# best auto 22 for $400 or less



## wibowhunt (Jun 15, 2008)

What is the best 22 auto you could buy for $400 or less. Mostly plinking and maybe some target.


----------



## tmayn14 (Aug 5, 2008)

i just bought a slighty used smith & wesson 22a target pistol for $190 and i love it! my girlfriend loves shooting it also, she is not a big fan of my g17 or rossi .38 but she wants to go to the range at least once a week now that i have this 22.


----------



## Guest (Feb 15, 2009)

I just ordered a Beretta U22 Neos and will hopefully (knock wood) get it this week. From what I read, it has a low failure rate as long as it is kept reasonably clean, but this is true with almost every gun of this caliber. Along those lines, field stripping appears to be a breeze and requires no tools. A buddy at work just bought a Walthers P22 and even though I like the way it shoots, it is not the easiest thing to strip. I do not have any experience with the Browning Buckmarks, but I understand this is a pretty universal complaint about that gun as well. I also looked at the S&W 22's, but the Beretta is, well, frankly very cool looking! You tell me?

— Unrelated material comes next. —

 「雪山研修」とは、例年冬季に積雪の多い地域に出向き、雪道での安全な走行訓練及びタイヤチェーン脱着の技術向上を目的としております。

Obviously you can research these things to death, but sometimes you have to base your decision on something other than cold, hard facts. Take any gun on the market and you will always find people who will swear by a certain brand or model and those that swear at them and this particular Beretta seems to fall into the "swear by it" category more than the other models in its price range from what I have seen. Of course, YMMV.

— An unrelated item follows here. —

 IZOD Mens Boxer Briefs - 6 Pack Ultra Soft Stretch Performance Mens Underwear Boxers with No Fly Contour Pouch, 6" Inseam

I bought the Inox version (the top half is stainless) with a 4.5" barrel for $302 from Buds. It also comes in matte black for $243 but it appears to be sold out at Buds.

Let us know what you end up with!

Happy Shooting,
Scott


----------



## PhilR. (Apr 25, 2007)

Your budget allows you to buy just about any of the popular .22lr semi-auto with the exception of the Hunter version of the Ruger MKIII. The most popular are the Sig Mosquito, Walther P22, Beretta Neos, S&W 22A, Ruger MKIII, and Browning Buckmark.

Of those, I put the Buckmark and MKIII at the top of the list. If you want the best, buy the cheaper version of the MKIII and put the rest of the money into Volquartsen trigger parts. The MKIII's trigger is the only thing I don't like about it.

If I didn't want to modify a trigger, then I would get the Buckmark, which has the best factory trigger in this group.


----------



## hideit (Oct 3, 2007)

browning buckmark
S&W 22a - my friend owns
sig mosquito
walther P22 - which I own

in that order
the ruger is the hardest to learn to take down for cleaning


----------



## DJ Niner (Oct 3, 2006)

For price, accuracy, reliability, and long-term durability, I'd suggest the Browning Buckmark or Ruger MK-II/MK-III series guns. Many variations of both are available; take your pick based on budget and intended use(s).


----------



## Black Metal (Jan 16, 2008)

I love our Buckmark Pro Target. I looked at the Ruger mkIII and the Buckmark originally but I liked the feel of the handle and trigger on the Browning.


----------



## nitedogg (Dec 8, 2009)

I have a S&W 22a GREAT gun to shoot!:mrgreen:


----------



## dondavis3 (Aug 2, 2009)

Here's my Browning Buck Mark

w/o optic's










And with optic's










I love the way this gun shoots.

:smt1099


----------